In [1]:
pip install krixik




[notice] A new release of pip is available: 23.3.1 -> 24.0
[notice] To update, run: python.exe -m pip install --upgrade pip





In [2]:
import sys 
sys.path.append('..')
from dotenv import load_dotenv
import os
load_dotenv()

LUCAS_STAGING_API_KEY=os.getenv('LUCAS_STAGING_API_KEY')
LUCAS_STAGING_API_URL=os.getenv('LUCAS_STAGING_API_URL')

# import Krixik
from krixik import krixik
krixik.init(api_key = LUCAS_STAGING_API_KEY, 
            api_url = LUCAS_STAGING_API_URL)

import json
def json_print(data):
    print(json.dumps(data, indent=2))

%load_ext autoreload
%autoreload 2 

SUCCESS: You are now authenticated.


---

---

---

# Three Types of Keyword Search

What is Keyword Search?

ChatGPT 3.5 defines it thus: "*Keyword search works by entering words or phrases into a search engine, which then scans its index or database for relevant content containing those keywords.*"

Accurate enough. In other words, to break it down:

- A keyword index is generated from an input file. For every keyword that appears at least once in the document, the index lists it and notes the line number in which it appears.
- A query is input by the user. The query is broken down into keywords.
- For every keyword in the query, if the keyword is in the index at least once, it returns to the user the keyword in question and every line number it appears on in the original document.
- If every keyword in the query is in the document, then the final output of the keyword search is each query keyword individually listed with all the line numbers it appears on in the document.

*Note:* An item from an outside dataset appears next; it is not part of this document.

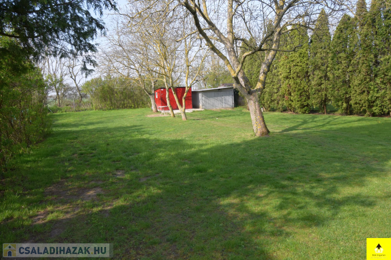 A telek 900 m2 nagyságú. Itt található 2 db garázs, melyből az egyik aknás. A kert gondozott és gyümölcsfákkal (diófa, almafák, szilvafák) beültetett.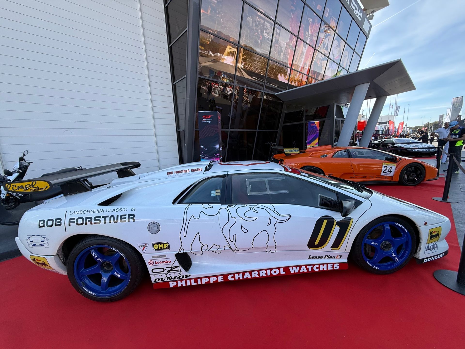 - L'exposition Lamborghini sur le rond-point du paddock du Paul Ricard et près du bâtiment principal vaut le détour. Les voitures, dont la Lamborghini Diablo SV-R, arborent pour la plupart une plaque 30 ans du SuperSport Trophy.

[What is a keyword? A keyword is every word that is not a ["stop word"](https://krixik-docs.readthedocs.io/en/latest/system/search_methods/keyword_search_method/#stop-words). Stop words are words so common that keyword search algorithms ignore them.]

### Three Types of Keyword Search

We've all used keyword search before; it's the "basic" search function. A user has a word or phrase in mind, types it into a search bar on a website (e.g. Wikipedia), and the results returned all include the words searched for, likely ranked in some order.

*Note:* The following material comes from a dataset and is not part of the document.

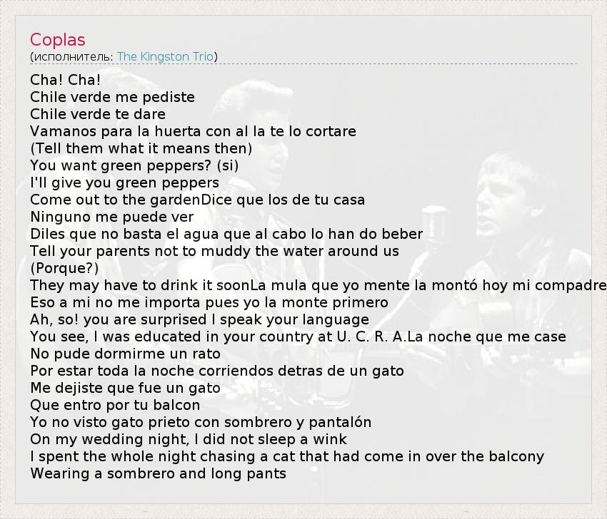 Cha! Cha! Chile verde me pediste Chile verde te dare Vamanos para la huerta con al la te lo cortare (Tell them what it means then) You want green peppers? (si) I'll give you green peppers Come out to the gardenDice que los de tu casa Ninguno me puede ver Diles que no basta el agua que al cabo lo han do beber Tell your parents not to muddy the water around us (Porque?) They may have to drink it soonLa mula que yo mente la montó hoy mi compadre Eso a mi no me importa pues yo la monte primero Ah, so! you are surprised I speak your language You see, I was educated in your country at U. C. R. A.La noche que me case No pude dormirme un rato Por estar toda la noche corriendos detras de un gato Me dejiste que fue un gato Que entro por tu balcon Yo no visto gato prieto con sombrero y pantalón On my wedding night, I did not sleep a wink I spent the whole night chasing a cat that had come in over the balcony Wearing a sombrero and long pants

In this article we'll look at three different ways to think of and build keyword search. This is by no means an exhaustive list; our intention is to highlight that, even with something as common and often-used as keyword search, developers with the right tools can always build something better or more accurate for their particular use case.

They are the following:

- Single-word keyword search (a.k.a. vanilla keyword search)
- Multi-word phrase search
- Multi-word cluster search

[Note that these are not standard labels, they just sound reasonable at this writing]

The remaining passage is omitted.